Because the pictures are not wanted, give back only the exact text of every entry below.

*RECORDS FOR THIS TASK:*
* * * * *
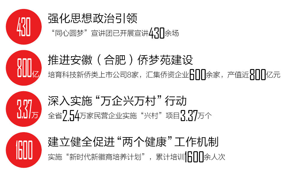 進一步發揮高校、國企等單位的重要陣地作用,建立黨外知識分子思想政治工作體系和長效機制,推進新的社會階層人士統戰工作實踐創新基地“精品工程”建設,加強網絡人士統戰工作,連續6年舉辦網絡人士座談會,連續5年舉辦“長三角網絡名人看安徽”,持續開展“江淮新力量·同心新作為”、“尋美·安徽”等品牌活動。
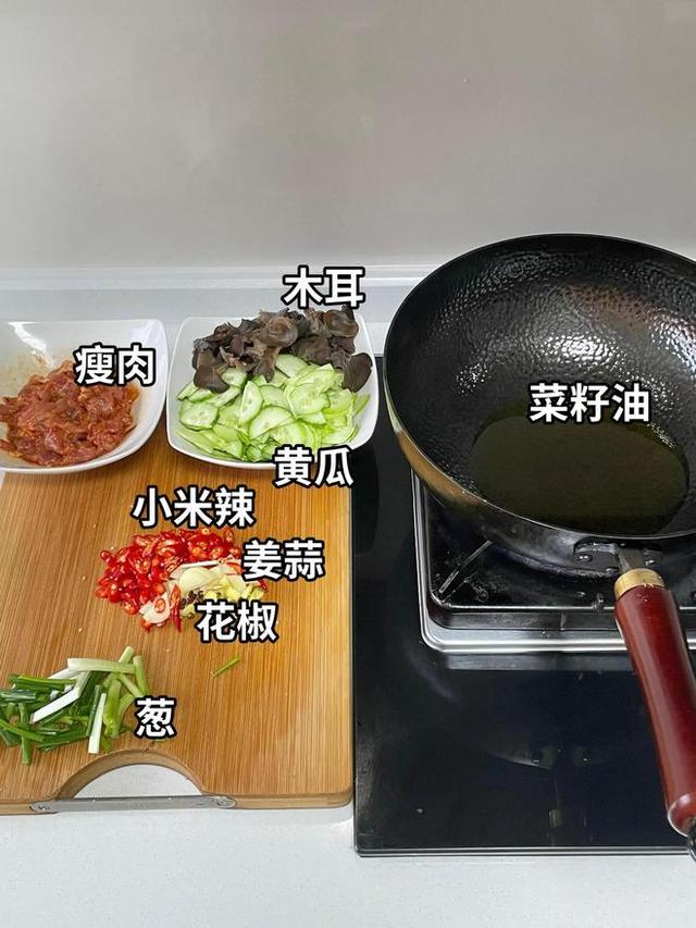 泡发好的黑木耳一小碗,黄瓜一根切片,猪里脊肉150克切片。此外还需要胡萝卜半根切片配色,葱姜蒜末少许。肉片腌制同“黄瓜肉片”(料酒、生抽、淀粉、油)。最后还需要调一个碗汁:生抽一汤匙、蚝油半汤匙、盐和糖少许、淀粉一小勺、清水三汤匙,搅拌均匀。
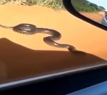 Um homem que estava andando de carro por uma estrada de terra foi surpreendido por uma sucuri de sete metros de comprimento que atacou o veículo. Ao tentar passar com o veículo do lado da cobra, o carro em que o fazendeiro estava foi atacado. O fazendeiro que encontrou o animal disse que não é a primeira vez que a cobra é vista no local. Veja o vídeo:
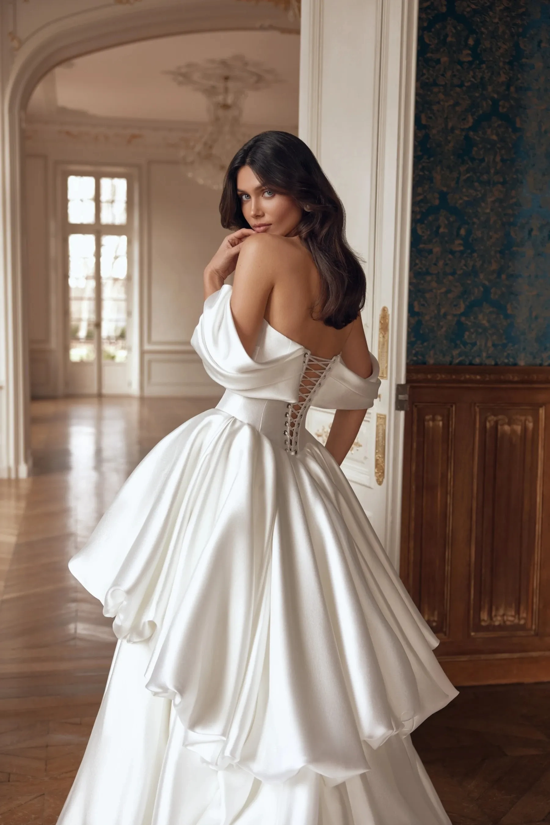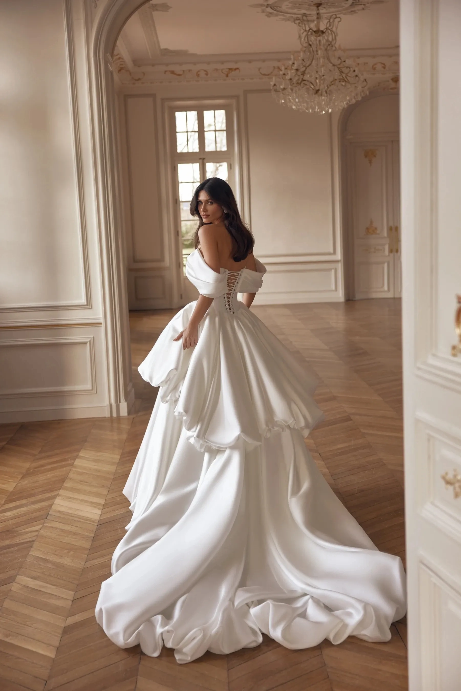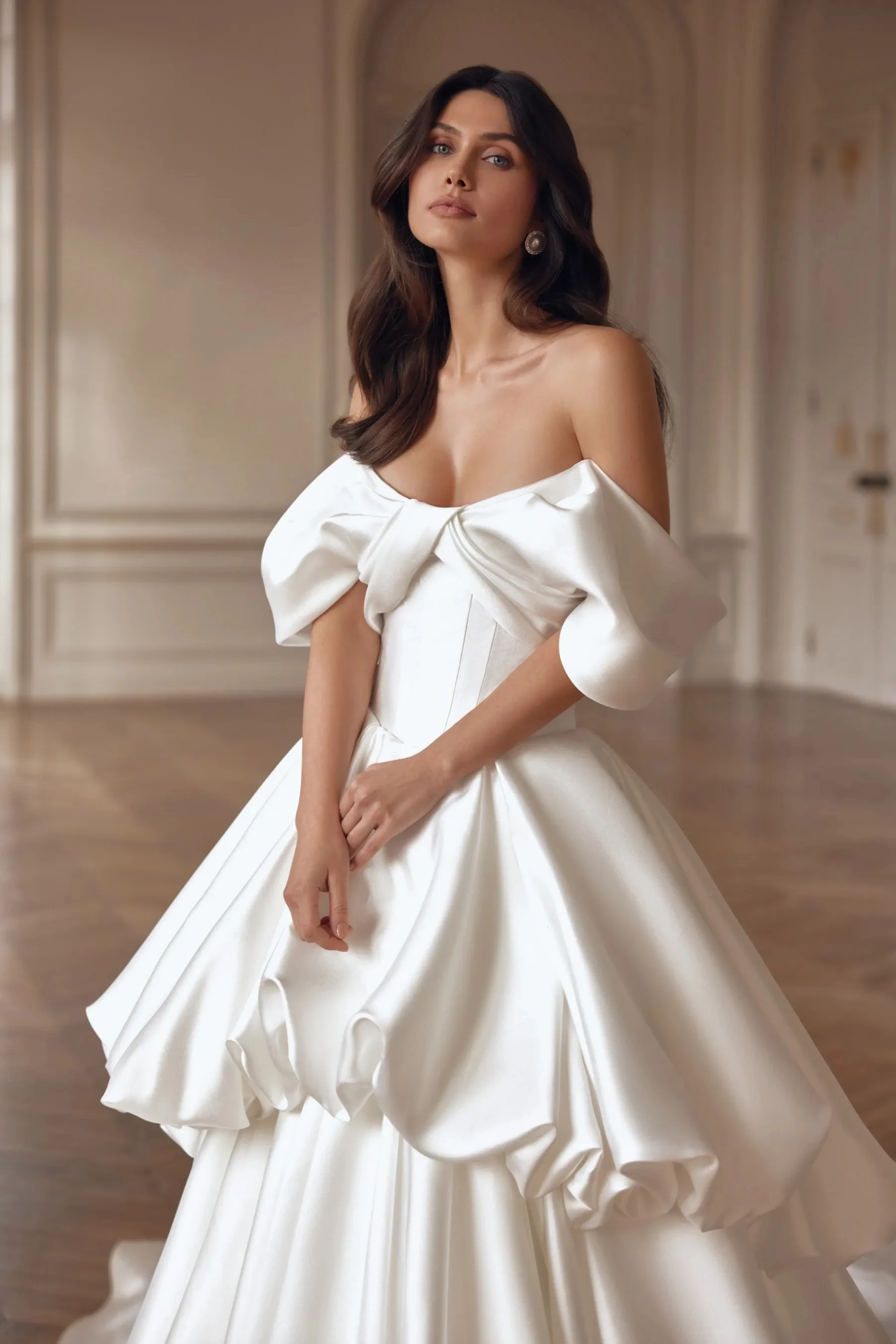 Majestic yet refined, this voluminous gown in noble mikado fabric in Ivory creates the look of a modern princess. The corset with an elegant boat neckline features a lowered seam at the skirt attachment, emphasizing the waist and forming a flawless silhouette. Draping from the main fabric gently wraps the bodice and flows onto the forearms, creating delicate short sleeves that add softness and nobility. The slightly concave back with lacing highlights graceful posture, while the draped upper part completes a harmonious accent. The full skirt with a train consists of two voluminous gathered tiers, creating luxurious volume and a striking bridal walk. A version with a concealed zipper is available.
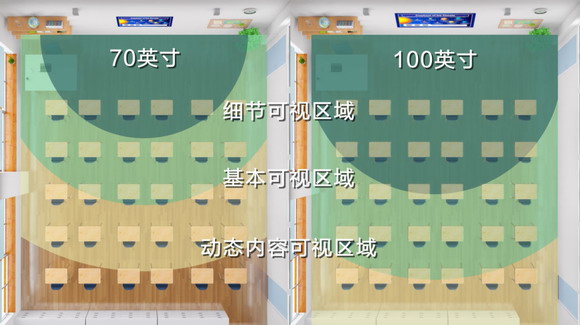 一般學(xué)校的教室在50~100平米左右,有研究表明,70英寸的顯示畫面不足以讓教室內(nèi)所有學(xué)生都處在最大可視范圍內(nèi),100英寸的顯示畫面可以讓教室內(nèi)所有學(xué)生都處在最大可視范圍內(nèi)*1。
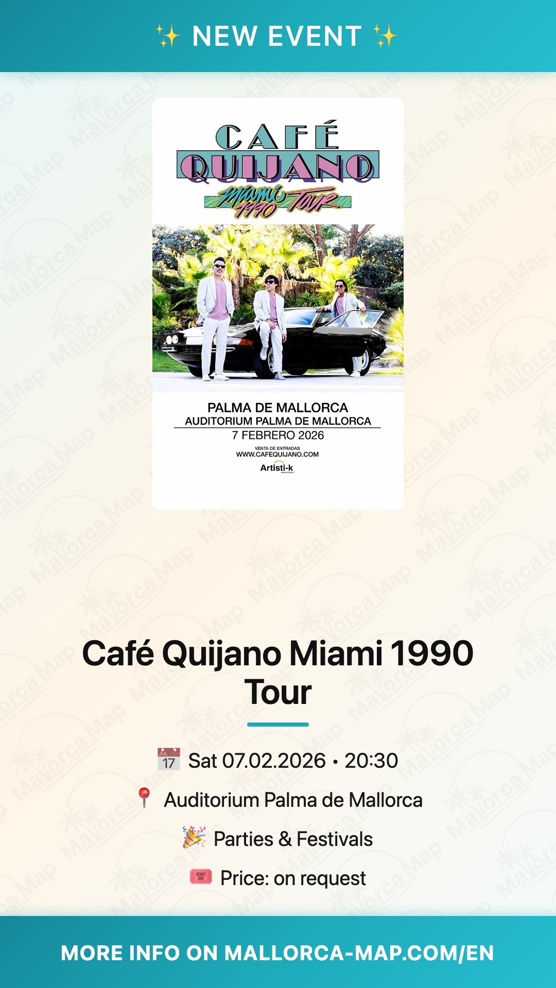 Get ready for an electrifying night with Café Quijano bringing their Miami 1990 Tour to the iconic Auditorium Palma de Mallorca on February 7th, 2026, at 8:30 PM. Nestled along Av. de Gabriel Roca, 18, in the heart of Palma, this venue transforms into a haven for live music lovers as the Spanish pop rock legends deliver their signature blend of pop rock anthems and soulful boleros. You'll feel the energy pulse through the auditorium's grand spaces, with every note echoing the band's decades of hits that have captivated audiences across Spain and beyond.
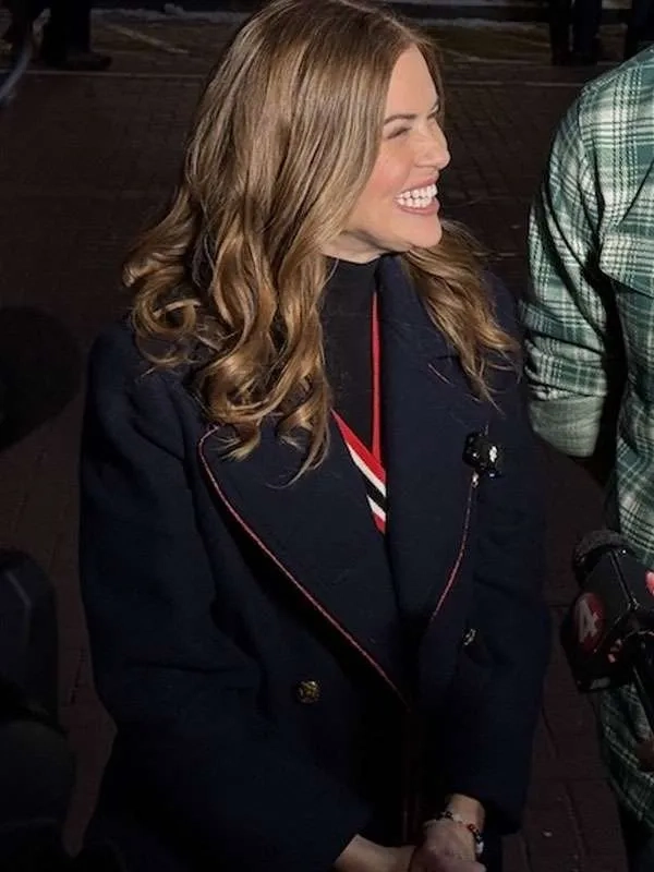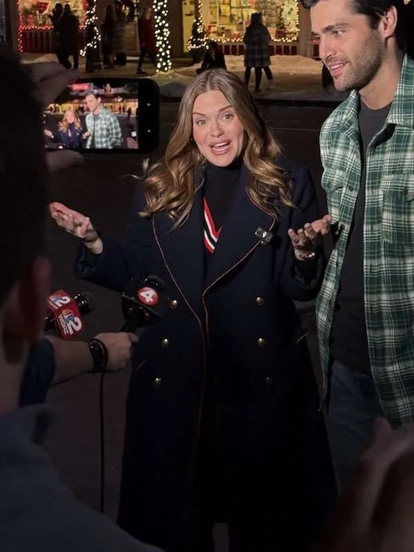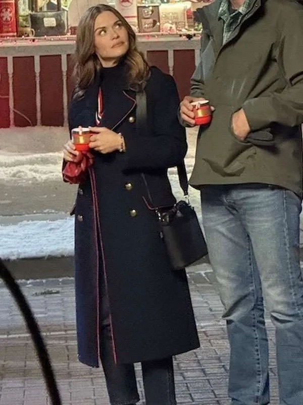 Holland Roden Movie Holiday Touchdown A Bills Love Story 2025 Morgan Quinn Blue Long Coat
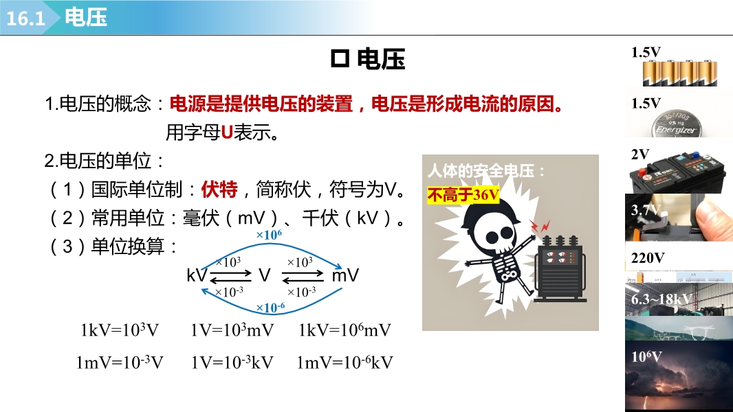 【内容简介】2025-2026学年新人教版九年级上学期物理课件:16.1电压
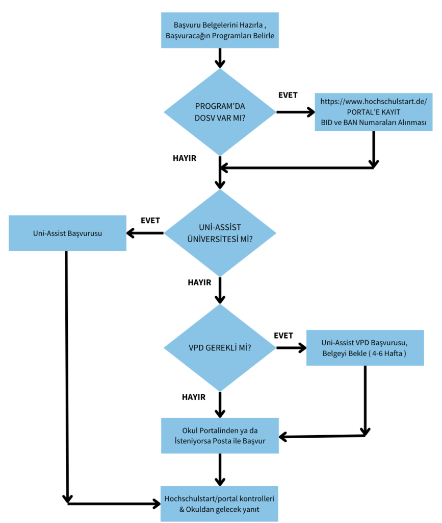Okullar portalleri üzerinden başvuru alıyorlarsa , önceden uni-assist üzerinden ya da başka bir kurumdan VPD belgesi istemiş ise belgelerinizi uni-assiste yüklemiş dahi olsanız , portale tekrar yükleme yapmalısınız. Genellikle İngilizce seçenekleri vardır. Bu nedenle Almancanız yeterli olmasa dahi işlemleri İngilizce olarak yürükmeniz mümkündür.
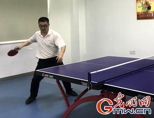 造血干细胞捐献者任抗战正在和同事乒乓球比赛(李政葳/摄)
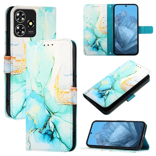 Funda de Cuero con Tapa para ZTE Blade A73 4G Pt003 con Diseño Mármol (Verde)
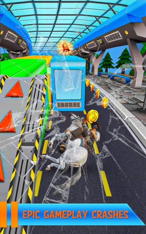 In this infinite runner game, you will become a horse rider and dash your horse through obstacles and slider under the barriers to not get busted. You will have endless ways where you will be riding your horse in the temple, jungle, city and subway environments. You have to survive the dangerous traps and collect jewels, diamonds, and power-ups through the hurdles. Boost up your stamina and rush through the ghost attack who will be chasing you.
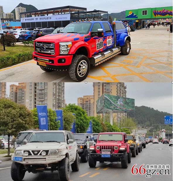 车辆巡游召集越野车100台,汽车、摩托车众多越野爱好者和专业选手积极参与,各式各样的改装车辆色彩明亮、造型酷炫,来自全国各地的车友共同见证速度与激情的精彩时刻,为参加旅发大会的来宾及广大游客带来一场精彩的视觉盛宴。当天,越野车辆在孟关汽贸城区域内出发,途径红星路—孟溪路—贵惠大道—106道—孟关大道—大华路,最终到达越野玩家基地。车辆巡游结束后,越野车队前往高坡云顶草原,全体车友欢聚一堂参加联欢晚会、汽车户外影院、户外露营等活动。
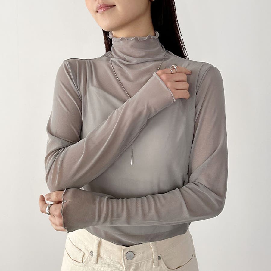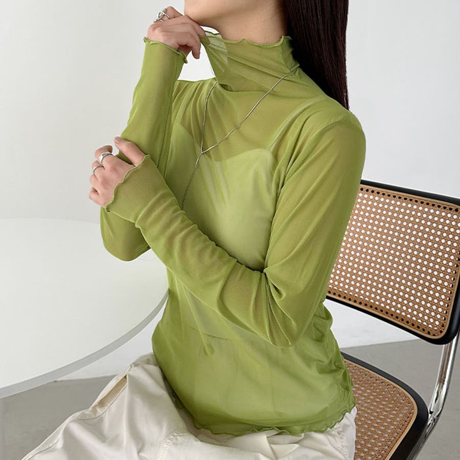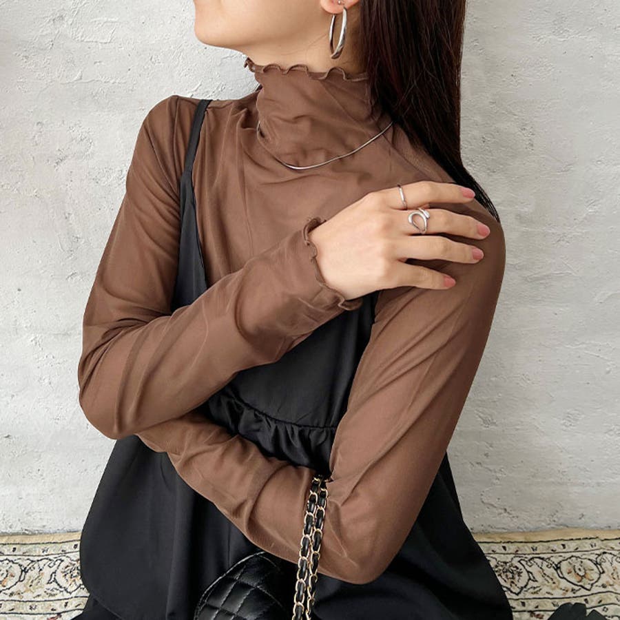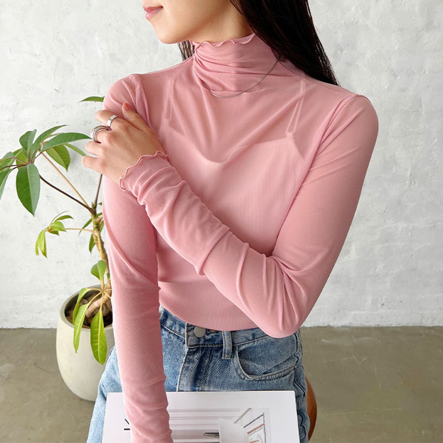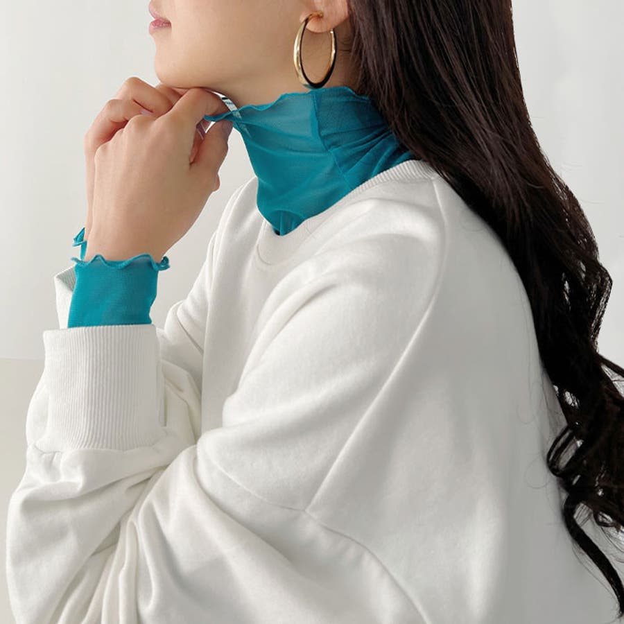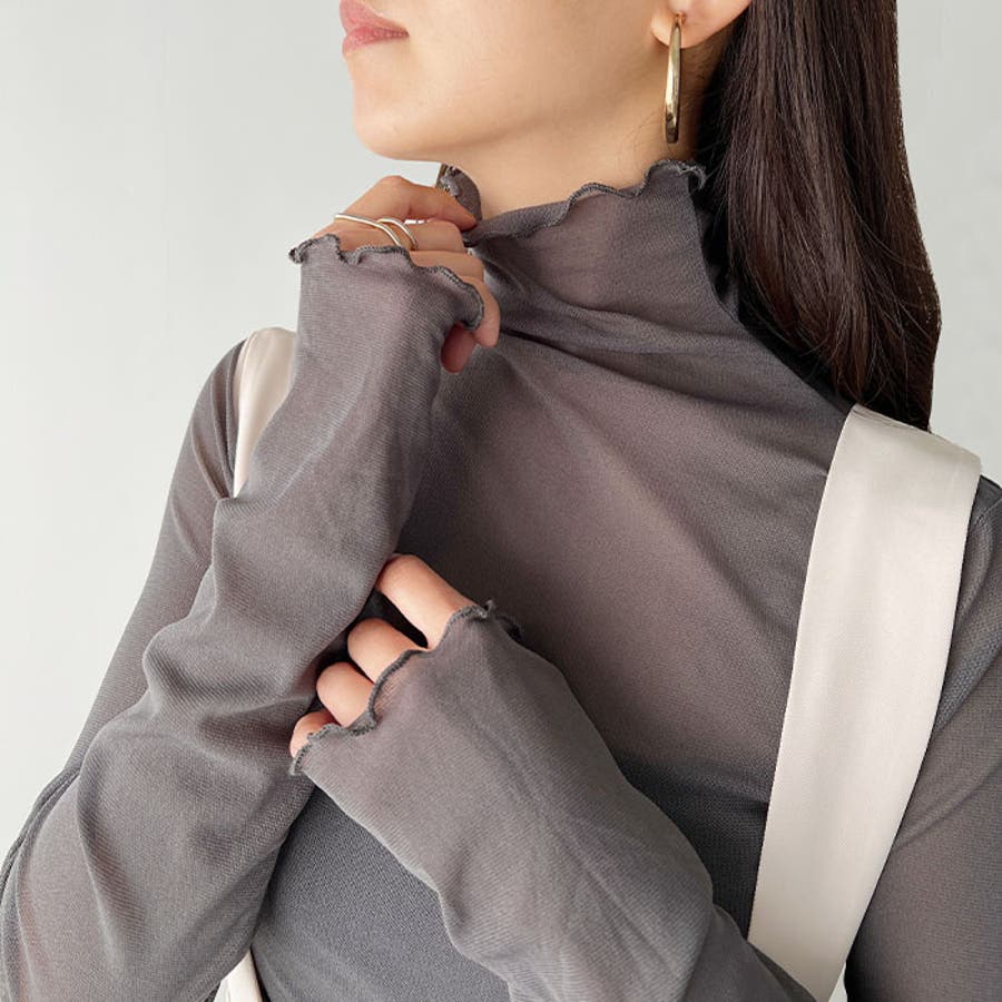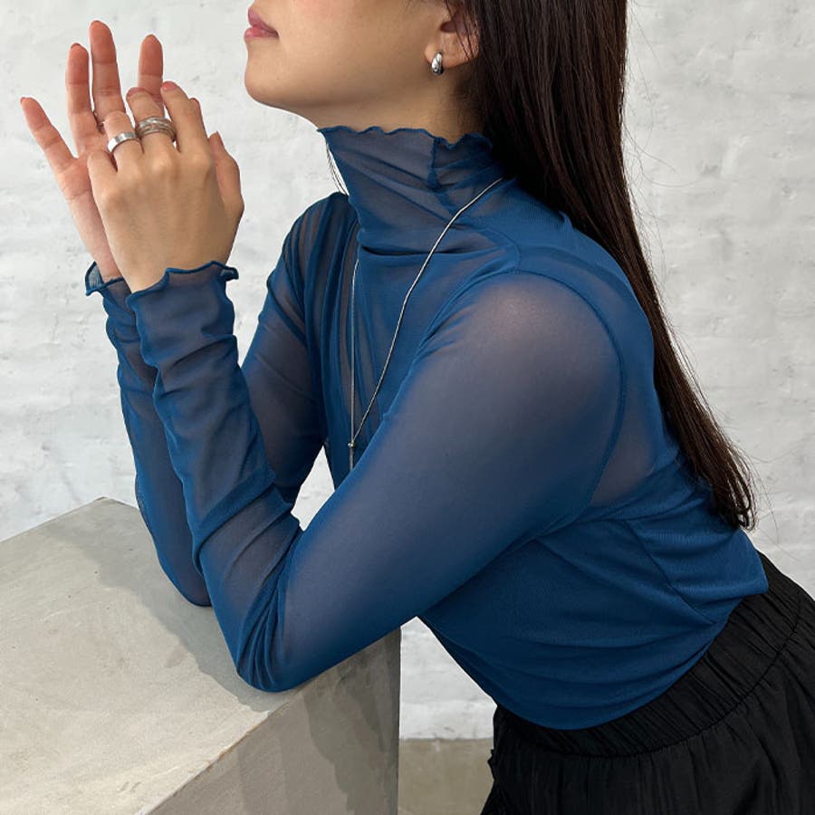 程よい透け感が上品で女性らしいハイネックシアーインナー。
* * * * *
*SOLVED PROBLEM:*
 進一步發揮高校、國企等單位的重要陣地作用,建立黨外知識分子思想政治工作體系和長效機制,推進新的社會階層人士統戰工作實踐創新基地“精品工程”建設,加強網絡人士統戰工作,連續6年舉辦網絡人士座談會,連續5年舉辦“長三角網絡名人看安徽”,持續開展“江淮新力量·同心新作為”、“尋美·安徽”等品牌活動。
 泡发好的黑木耳一小碗,黄瓜一根切片,猪里脊肉150克切片。此外还需要胡萝卜半根切片配色,葱姜蒜末少许。肉片腌制同“黄瓜肉片”(料酒、生抽、淀粉、油)。最后还需要调一个碗汁:生抽一汤匙、蚝油半汤匙、盐和糖少许、淀粉一小勺、清水三汤匙,搅拌均匀。
 Um homem que estava andando de carro por uma estrada de terra foi surpreendido por uma sucuri de sete metros de comprimento que atacou o veículo. Ao tentar passar com o veículo do lado da cobra, o carro em que o fazendeiro estava foi atacado. O fazendeiro que encontrou o animal disse que não é a primeira vez que a cobra é vista no local. Veja o vídeo:
 Majestic yet refined, this voluminous gown in noble mikado fabric in Ivory creates the look of a modern princess. The corset with an elegant boat neckline features a lowered seam at the skirt attachment, emphasizing the waist and forming a flawless silhouette. Draping from the main fabric gently wraps the bodice and flows onto the forearms, creating delicate short sleeves that add softness and nobility. The slightly concave back with lacing highlights graceful posture, while the draped upper part completes a harmonious accent. The full skirt with a train consists of two voluminous gathered tiers, creating luxurious volume and a striking bridal walk. A version with a concealed zipper is available.
 一般學(xué)校的教室在50~100平米左右,有研究表明,70英寸的顯示畫面不足以讓教室內(nèi)所有學(xué)生都處在最大可視范圍內(nèi),100英寸的顯示畫面可以讓教室內(nèi)所有學(xué)生都處在最大可視范圍內(nèi)*1。
 Get ready for an electrifying night with Café Quijano bringing their Miami 1990 Tour to the iconic Auditorium Palma de Mallorca on February 7th, 2026, at 8:30 PM. Nestled along Av. de Gabriel Roca, 18, in the heart of Palma, this venue transforms into a haven for live music lovers as the Spanish pop rock legends deliver their signature blend of pop rock anthems and soulful boleros. You'll feel the energy pulse through the auditorium's grand spaces, with every note echoing the band's decades of hits that have captivated audiences across Spain and beyond.
 Holland Roden Movie Holiday Touchdown A Bills Love Story 2025 Morgan Quinn Blue Long Coat
 【内容简介】2025-2026学年新人教版九年级上学期物理课件:16.1电压
Okullar portalleri üzerinden başvuru alıyorlarsa , önceden uni-assist üzerinden ya da başka bir kurumdan VPD belgesi istemiş ise belgelerinizi uni-assiste yüklemiş dahi olsanız , portale tekrar yükleme yapmalısınız. Genellikle İngilizce seçenekleri vardır. Bu nedenle Almancanız yeterli olmasa dahi işlemleri İngilizce olarak yürükmeniz mümkündür.
 造血干细胞捐献者任抗战正在和同事乒乓球比赛(李政葳/摄)
 Funda de Cuero con Tapa para ZTE Blade A73 4G Pt003 con Diseño Mármol (Verde)
 In this infinite runner game, you will become a horse rider and dash your horse through obstacles and slider under the barriers to not get busted. You will have endless ways where you will be riding your horse in the temple, jungle, city and subway environments. You have to survive the dangerous traps and collect jewels, diamonds, and power-ups through the hurdles. Boost up your stamina and rush through the ghost attack who will be chasing you.
 车辆巡游召集越野车100台,汽车、摩托车众多越野爱好者和专业选手积极参与,各式各样的改装车辆色彩明亮、造型酷炫,来自全国各地的车友共同见证速度与激情的精彩时刻,为参加旅发大会的来宾及广大游客带来一场精彩的视觉盛宴。当天,越野车辆在孟关汽贸城区域内出发,途径红星路—孟溪路—贵惠大道—106道—孟关大道—大华路,最终到达越野玩家基地。车辆巡游结束后,越野车队前往高坡云顶草原,全体车友欢聚一堂参加联欢晚会、汽车户外影院、户外露营等活动。
 程よい透け感が上品で女性らしいハイネックシアーインナー。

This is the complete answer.